Partieron a caballo inmediatamente hacia Mansfield, porque Charlie había decidido que los caballos habían descansado lo suficiente como para resistir aún otras cincuenta millas. Ni Angus ni Owen disputaron la autoridad de Charlie en materia equina; el padre de Owen era granjero, pero, en asuntos ecuestres, el hijo de Elizabeth y Fitz Darcy estaba treinta millas por delante de él y de Angus.

Alrededor de las seis de aquella tarde desmontaron en el patio de The Friar Tuck, y acordaron que no avanzarían más aquel día.

Cuando entraron en la posada, descubrieron que su propietario revoloteaba a su alrededor con servil deferencia.

– ¡Las tres mejores habitaciones, posadero! -exclamó Angus, que tenía dolorido cada hueso del cuerpo.
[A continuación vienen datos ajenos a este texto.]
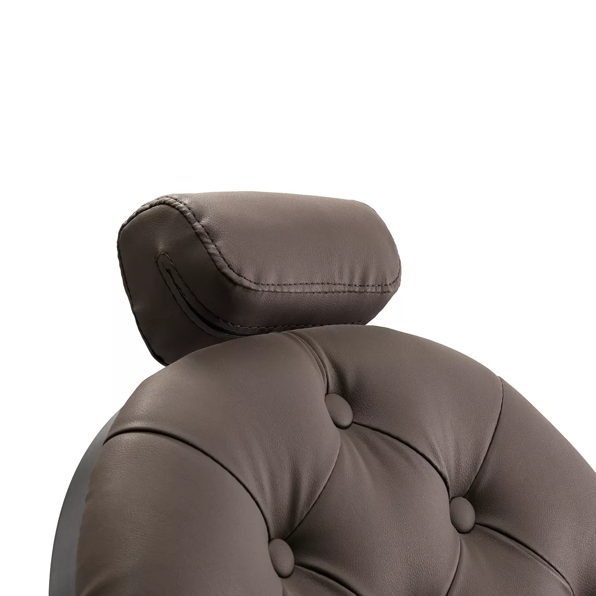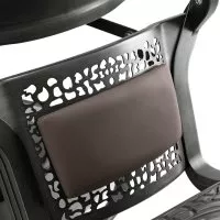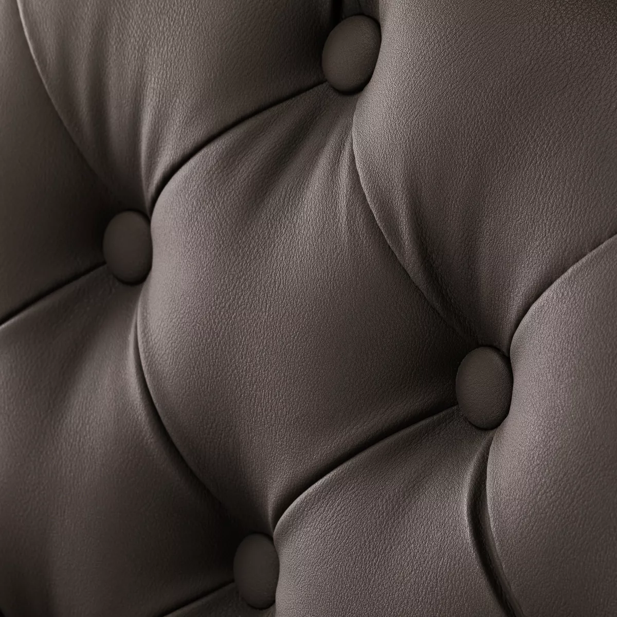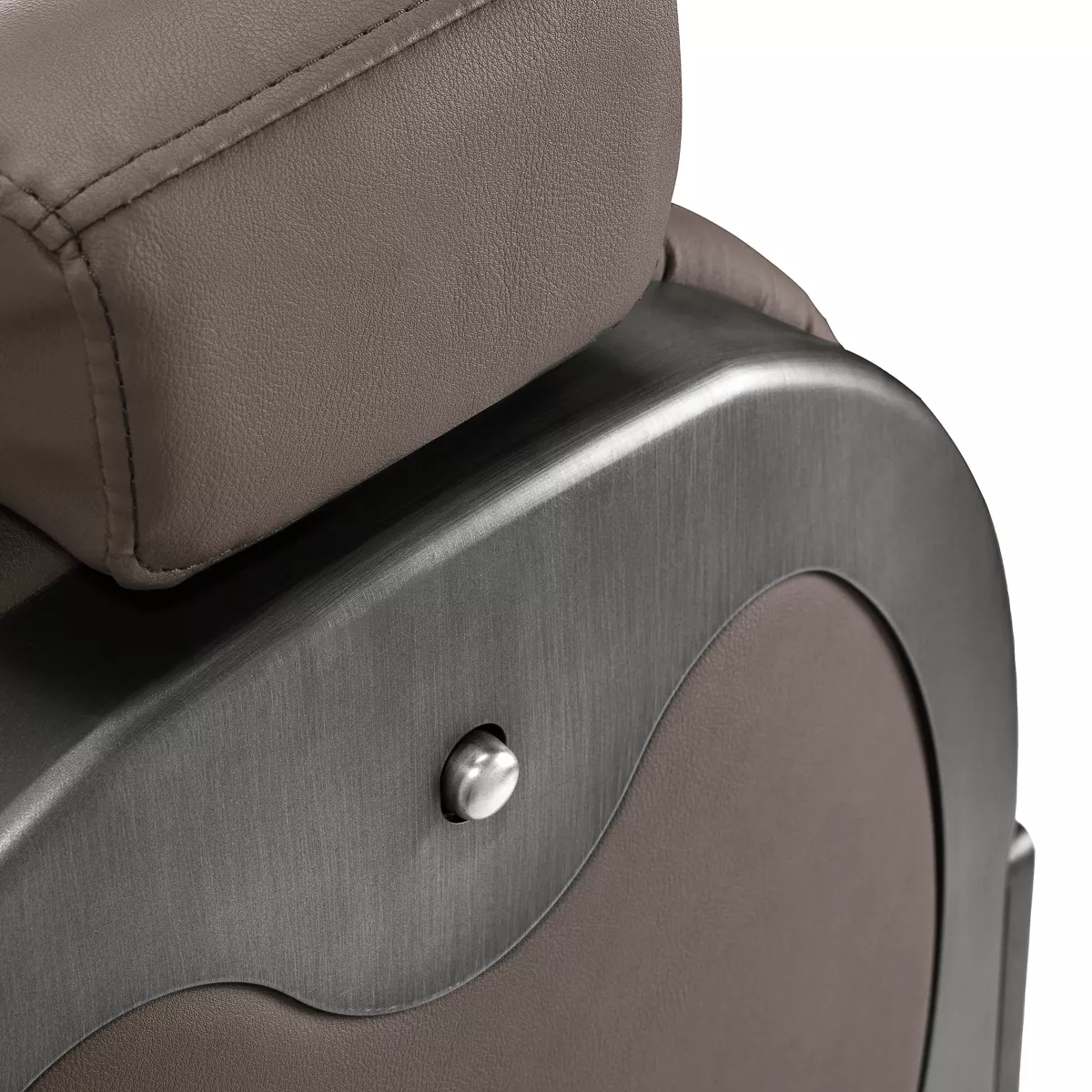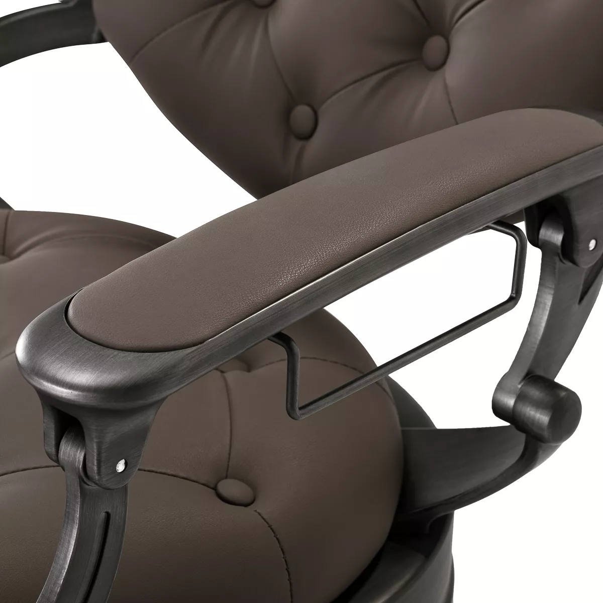 Solidna konstrukcja podstawy zapewnia stabilność oraz wysoki komfort użytkowania. Wypełnienie siedziska z trwałej, odpornej na odkształcenia pianki oraz obicie wykonane z przyjemnej w dotyku skóry syntetycznej o matowym wykończeniu zapewniają trwałość mebla oraz jego komfortowe użytkowanie przez długi czas. Zastosowane materiały sprawiają również, że sprzęt jest odporny na wilgoć, wytrzymały oraz łatwy do czyszczenia. Pokrycie w odcieniach brązu z pikowaniem i ozdobnymi guzikami oraz zdobiony podnóżek nadają mu wyjątkowego charakteru. Fotel o charakterystycznym designie, nawiązującym do stylu vintage, doskonale pasuje do klimatu salonów barberskich, podkreślając ich wyjątkową atmosferę.
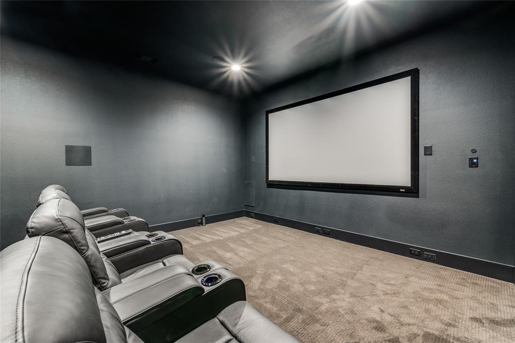 Enjoy movie nights in the media room with a 120 inch screen, Sony projector, and leather recliners. The adjacent activity room with wet bar is ideal for games and entertaining.
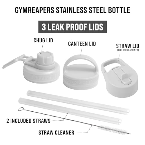 THREE LIDS INCLUDED – Gymreapers sports water bottle comes with 3 leak proof lid variations. Your water jug will include 1 straw lid, 1 chug lid, and 1 canteen lid for your insulated gym water bottle. Switch lids with ease, and don’t limit yourself to just 1 option for a lid.

Las casas de postas de una empresa de Londres no estaban preparadas para reparar los desperfectos que ocasionaba una cabalgada por el campo con Charlie Darcy. Tenía el trasero destrozado, pero aún podía sentarse; dejando escapar un enorme suspiro de alivio, se acomodó en una silla.

– Demasiado tarde para la cerveza… ¡El mejor vino, posadero!

– ¡Pregúntale, pregúntale, pregúntale…! -susurraba a su lado Charlie.

– A su debido tiempo. Lo primero es remojar los gaznates.

– Dios mío, estoy reventado… -dijo Owen.

– Quejicas, los dos -dijo Charlie mientras se dejaba caer en una silla con gesto enfurruñado.